Records from a data collection
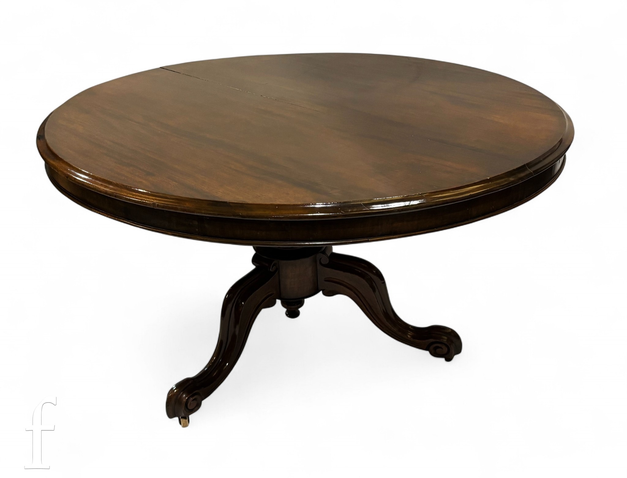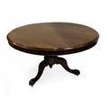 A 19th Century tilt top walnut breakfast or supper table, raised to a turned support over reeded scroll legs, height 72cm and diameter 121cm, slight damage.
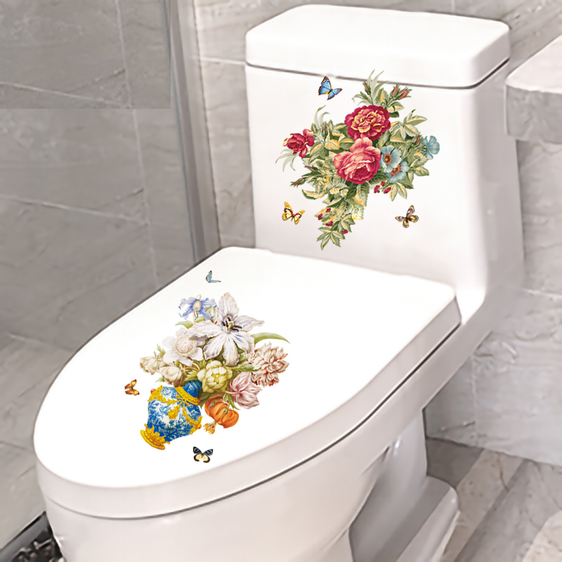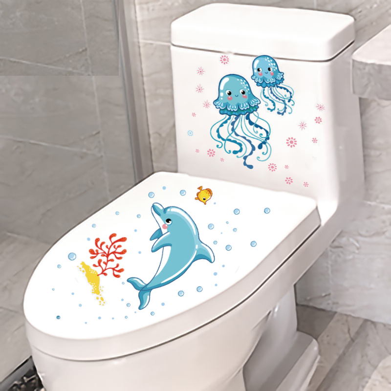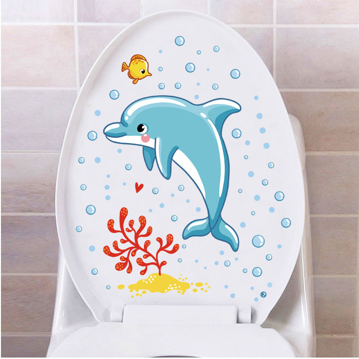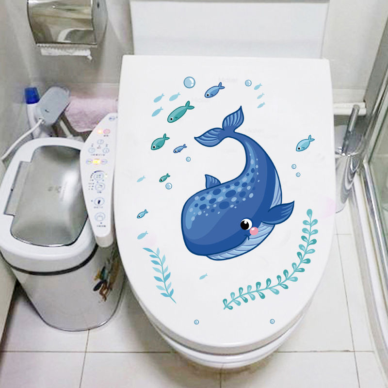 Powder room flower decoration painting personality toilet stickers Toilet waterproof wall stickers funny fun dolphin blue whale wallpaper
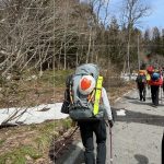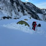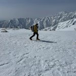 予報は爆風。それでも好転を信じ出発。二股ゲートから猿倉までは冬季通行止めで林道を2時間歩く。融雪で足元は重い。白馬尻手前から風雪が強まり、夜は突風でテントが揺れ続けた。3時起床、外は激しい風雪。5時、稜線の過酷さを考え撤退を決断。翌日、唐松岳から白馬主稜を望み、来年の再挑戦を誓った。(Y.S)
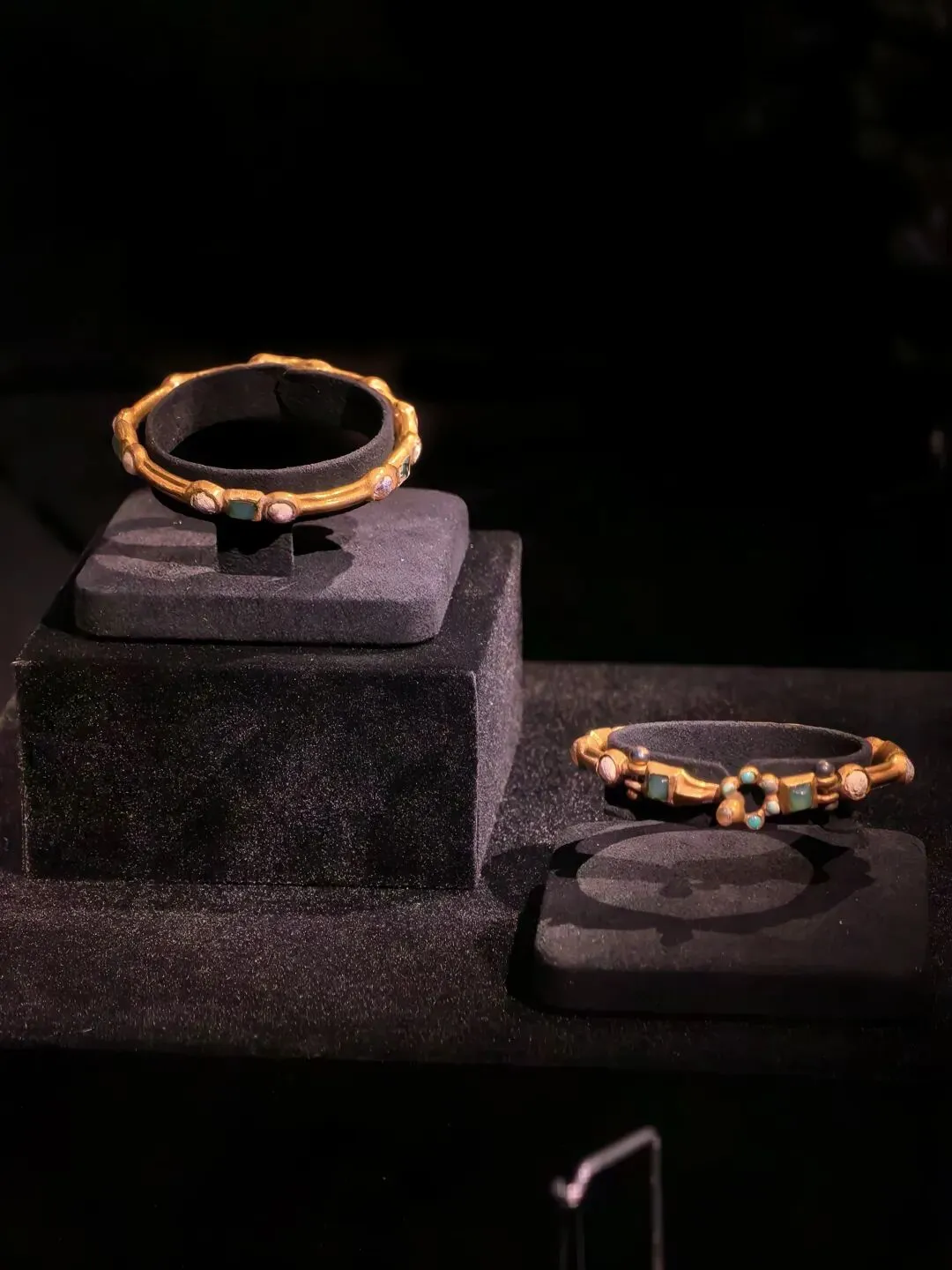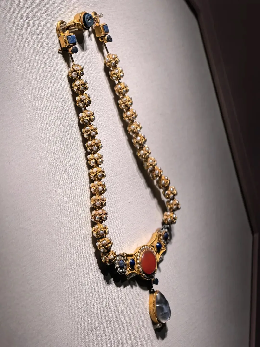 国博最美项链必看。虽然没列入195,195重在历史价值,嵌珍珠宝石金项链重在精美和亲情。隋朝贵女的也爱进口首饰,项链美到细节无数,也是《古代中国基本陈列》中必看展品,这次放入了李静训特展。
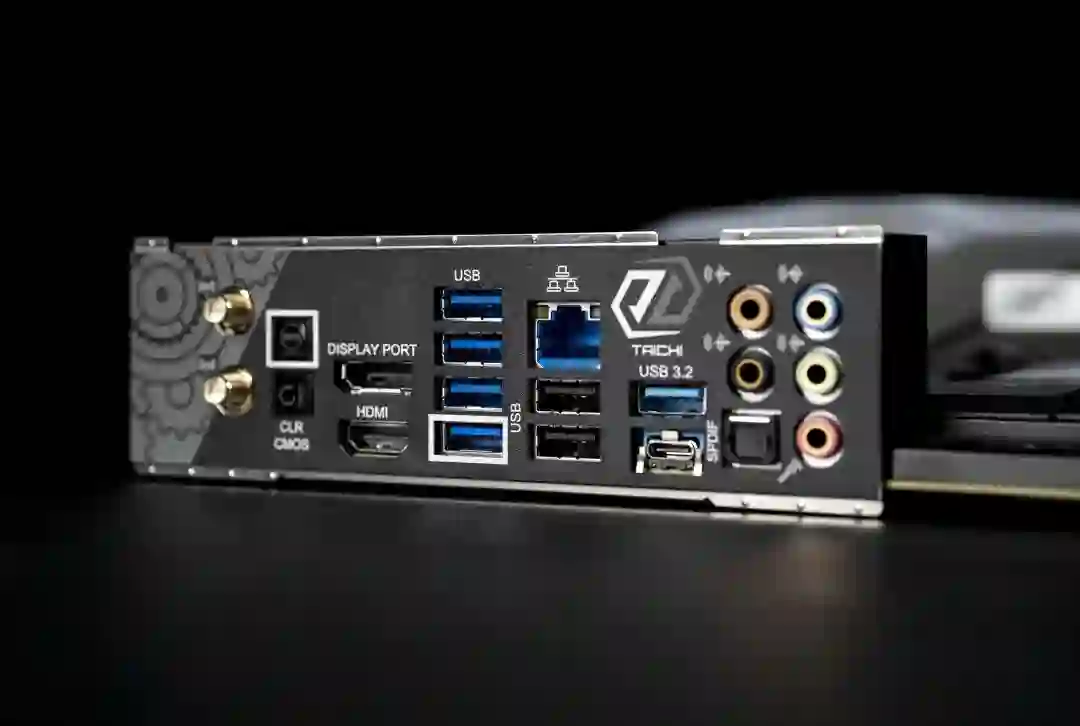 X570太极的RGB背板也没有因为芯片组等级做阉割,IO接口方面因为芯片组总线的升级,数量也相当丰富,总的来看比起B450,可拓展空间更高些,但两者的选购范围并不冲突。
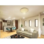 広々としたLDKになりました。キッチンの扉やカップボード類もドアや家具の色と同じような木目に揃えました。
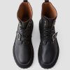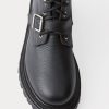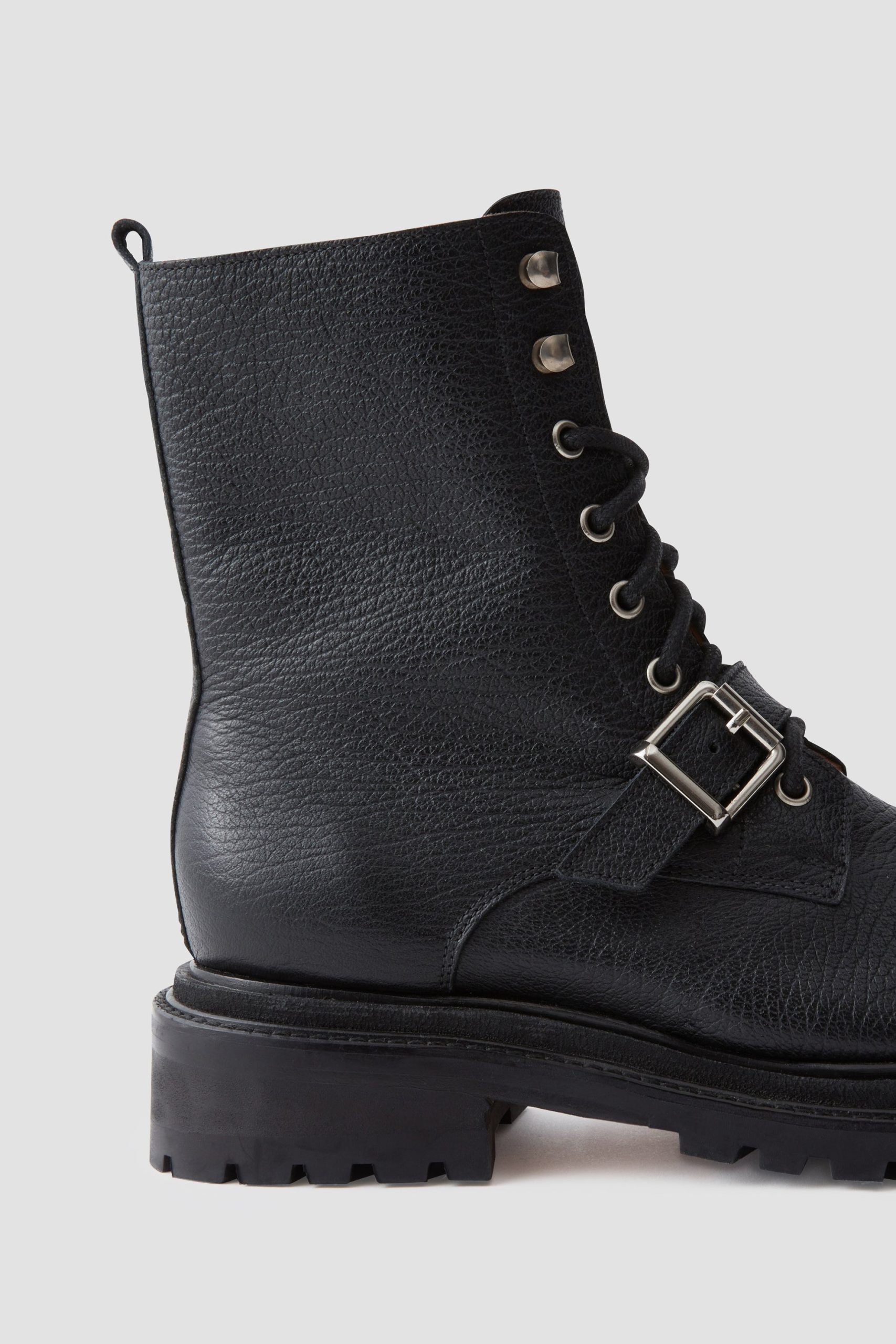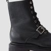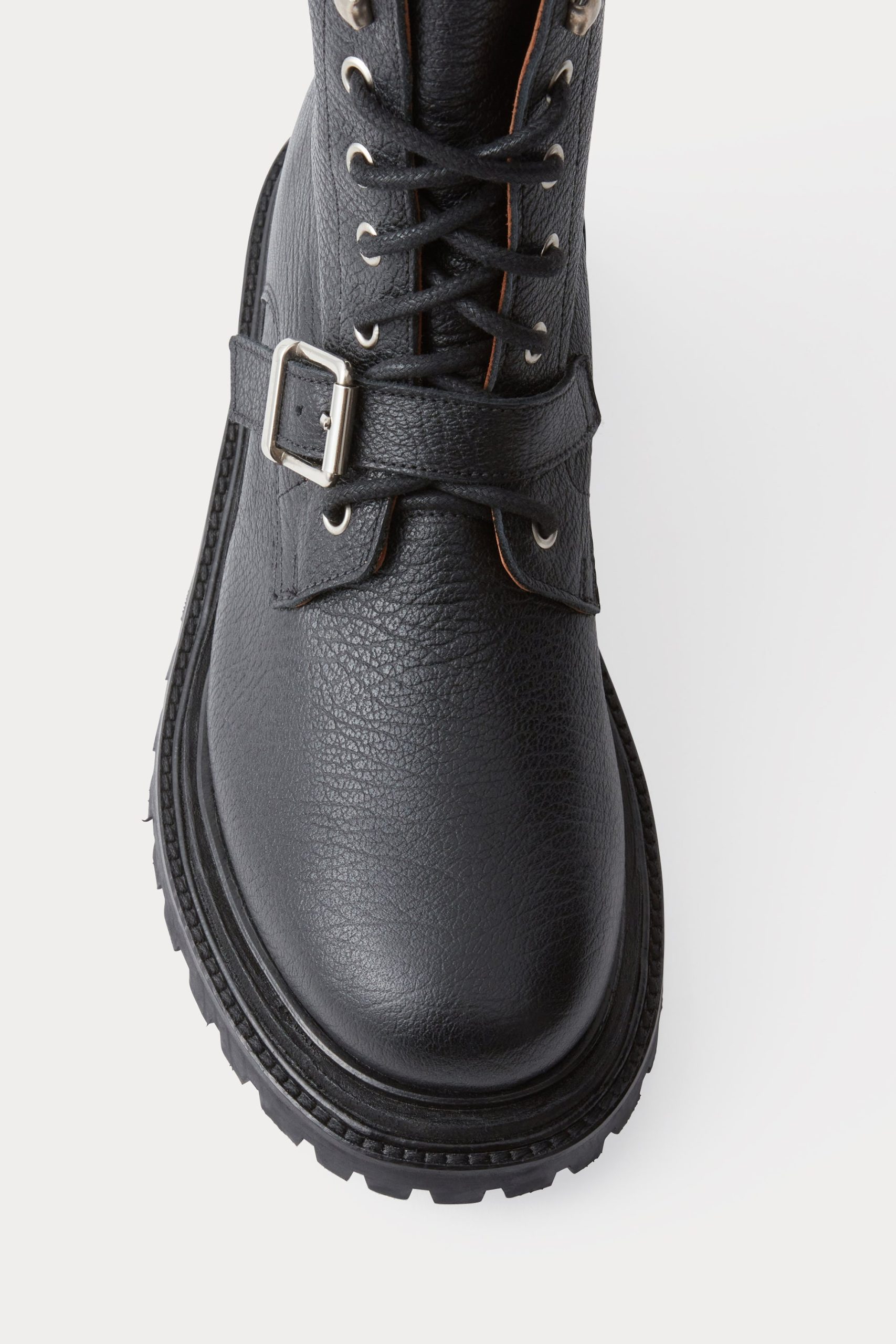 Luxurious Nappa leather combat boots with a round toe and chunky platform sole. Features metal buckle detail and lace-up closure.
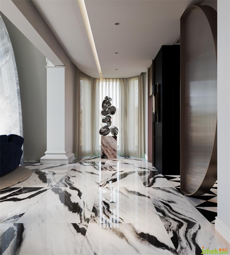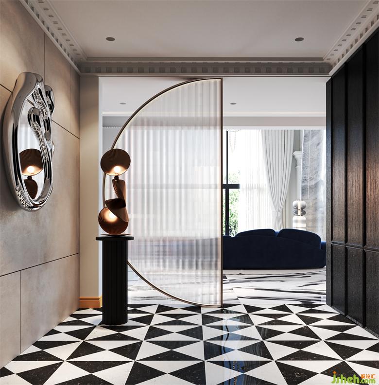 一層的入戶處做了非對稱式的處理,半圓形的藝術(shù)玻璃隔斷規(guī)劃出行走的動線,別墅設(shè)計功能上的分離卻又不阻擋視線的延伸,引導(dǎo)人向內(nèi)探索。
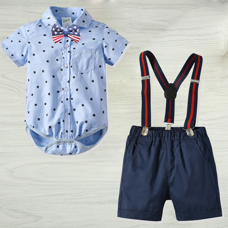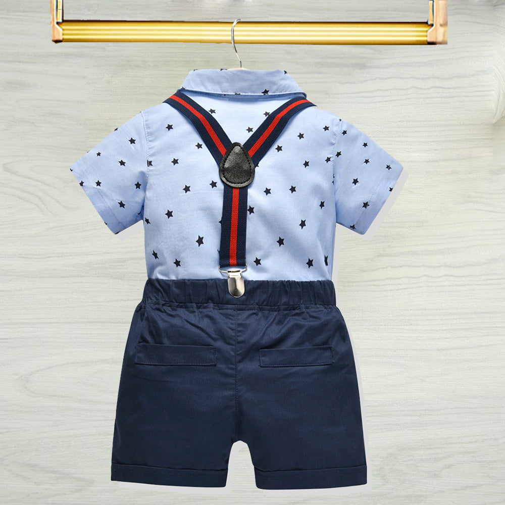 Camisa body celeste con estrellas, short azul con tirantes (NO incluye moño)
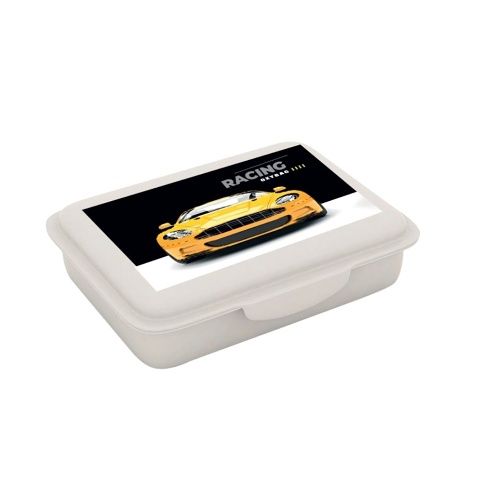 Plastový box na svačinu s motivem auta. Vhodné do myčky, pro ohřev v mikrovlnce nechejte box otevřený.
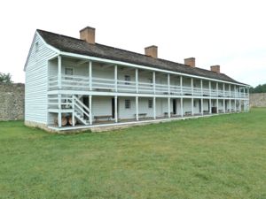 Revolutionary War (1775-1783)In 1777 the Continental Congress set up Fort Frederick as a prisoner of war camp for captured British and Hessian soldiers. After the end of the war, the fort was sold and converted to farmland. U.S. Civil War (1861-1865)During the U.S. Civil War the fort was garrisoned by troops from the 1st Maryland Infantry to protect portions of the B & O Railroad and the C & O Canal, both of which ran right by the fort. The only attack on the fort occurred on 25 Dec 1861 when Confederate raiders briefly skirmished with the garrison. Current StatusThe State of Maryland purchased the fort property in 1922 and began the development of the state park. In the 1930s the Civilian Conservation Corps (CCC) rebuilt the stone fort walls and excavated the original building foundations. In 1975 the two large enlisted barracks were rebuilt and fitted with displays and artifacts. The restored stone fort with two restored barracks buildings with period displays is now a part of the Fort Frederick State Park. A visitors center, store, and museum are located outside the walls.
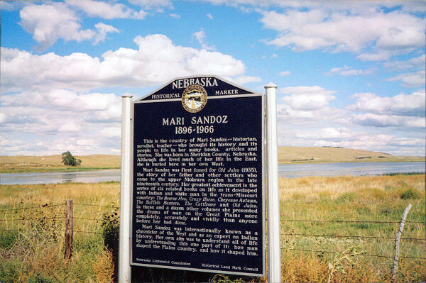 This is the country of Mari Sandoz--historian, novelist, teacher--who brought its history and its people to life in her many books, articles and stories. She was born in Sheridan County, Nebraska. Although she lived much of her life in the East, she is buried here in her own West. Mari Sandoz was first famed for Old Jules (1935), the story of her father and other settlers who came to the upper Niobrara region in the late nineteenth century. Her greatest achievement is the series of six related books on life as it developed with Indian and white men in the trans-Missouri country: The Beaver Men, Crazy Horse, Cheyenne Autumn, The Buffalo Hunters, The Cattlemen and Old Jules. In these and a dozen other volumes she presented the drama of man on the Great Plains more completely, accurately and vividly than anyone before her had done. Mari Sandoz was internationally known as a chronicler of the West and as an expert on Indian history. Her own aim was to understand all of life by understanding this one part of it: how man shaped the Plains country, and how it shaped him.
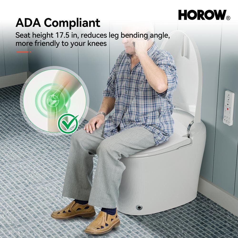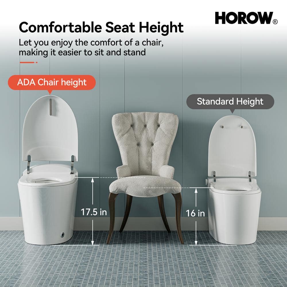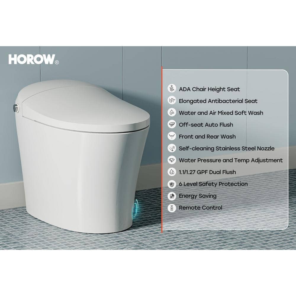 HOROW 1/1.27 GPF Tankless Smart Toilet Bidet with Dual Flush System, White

- PROBLEM -
Only the lines starting at the one that includes "X570太极的RGB背板也没" and ending at the one that includes "一層的入戶處做了非對稱式的處" should be retyped, exactly, from the records above; no pictures.

- RESPONSE AREA -
 X570太极的RGB背板也没有因为芯片组等级做阉割,IO接口方面因为芯片组总线的升级,数量也相当丰富,总的来看比起B450,可拓展空间更高些,但两者的选购范围并不冲突。
 広々としたLDKになりました。キッチンの扉やカップボード類もドアや家具の色と同じような木目に揃えました。
 Luxurious Nappa leather combat boots with a round toe and chunky platform sole. Features metal buckle detail and lace-up closure.
 一層的入戶處做了非對稱式的處理,半圓形的藝術(shù)玻璃隔斷規(guī)劃出行走的動線,別墅設(shè)計功能上的分離卻又不阻擋視線的延伸,引導(dǎo)人向內(nèi)探索。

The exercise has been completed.